EXERCISE DIRECTIONS -
This task calls for the lines below starting at the one containing "These are khaki" and ending at the one containing "いつ、いくらで、どのくらい買うかを自分で判断したい人は個別株向き!", repeated exactly with both ends kept and pictures left out.

DATA SUPPLIED -
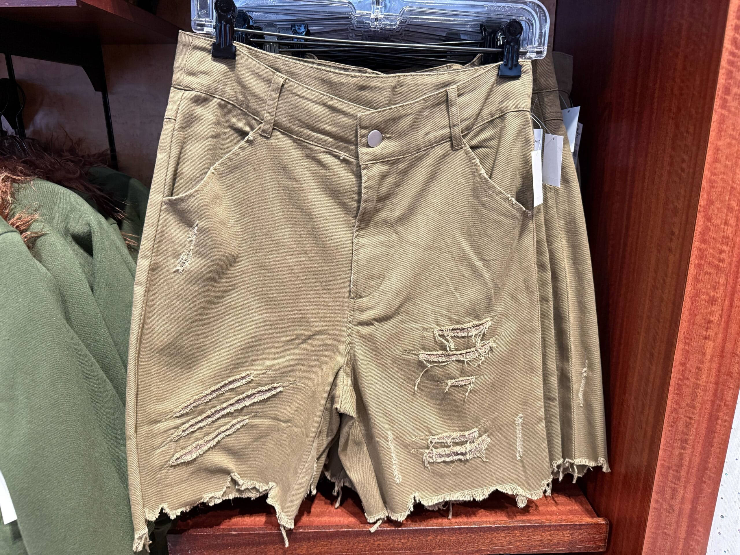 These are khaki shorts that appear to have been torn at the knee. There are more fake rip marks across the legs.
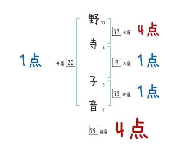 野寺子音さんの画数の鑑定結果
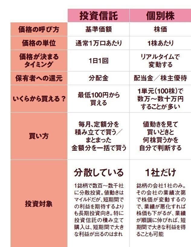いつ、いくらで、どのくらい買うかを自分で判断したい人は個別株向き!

* * *

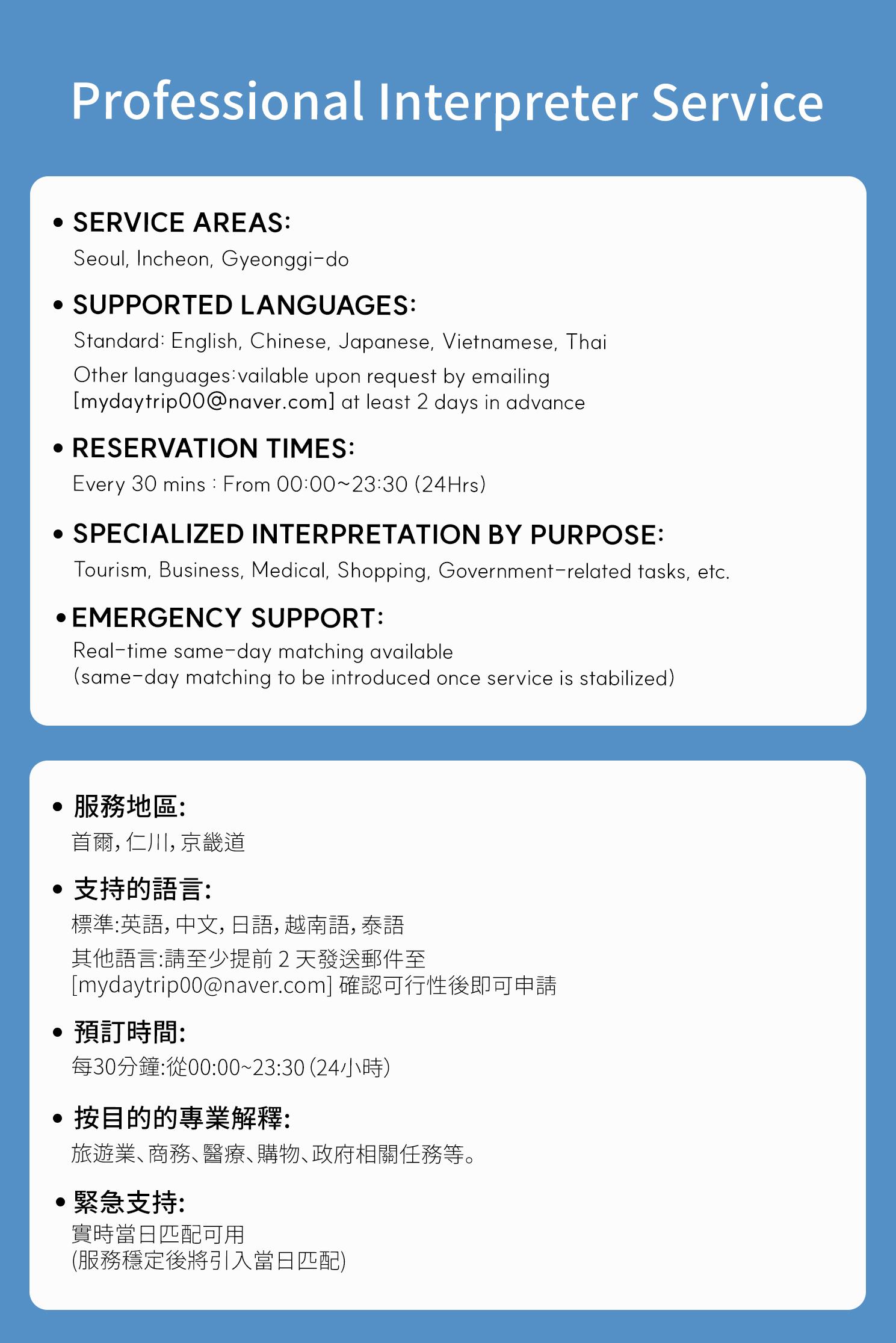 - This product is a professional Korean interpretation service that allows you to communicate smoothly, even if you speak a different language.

TASK ANSWER -
 These are khaki shorts that appear to have been torn at the knee. There are more fake rip marks across the legs.
 野寺子音さんの画数の鑑定結果
いつ、いくらで、どのくらい買うかを自分で判断したい人は個別株向き!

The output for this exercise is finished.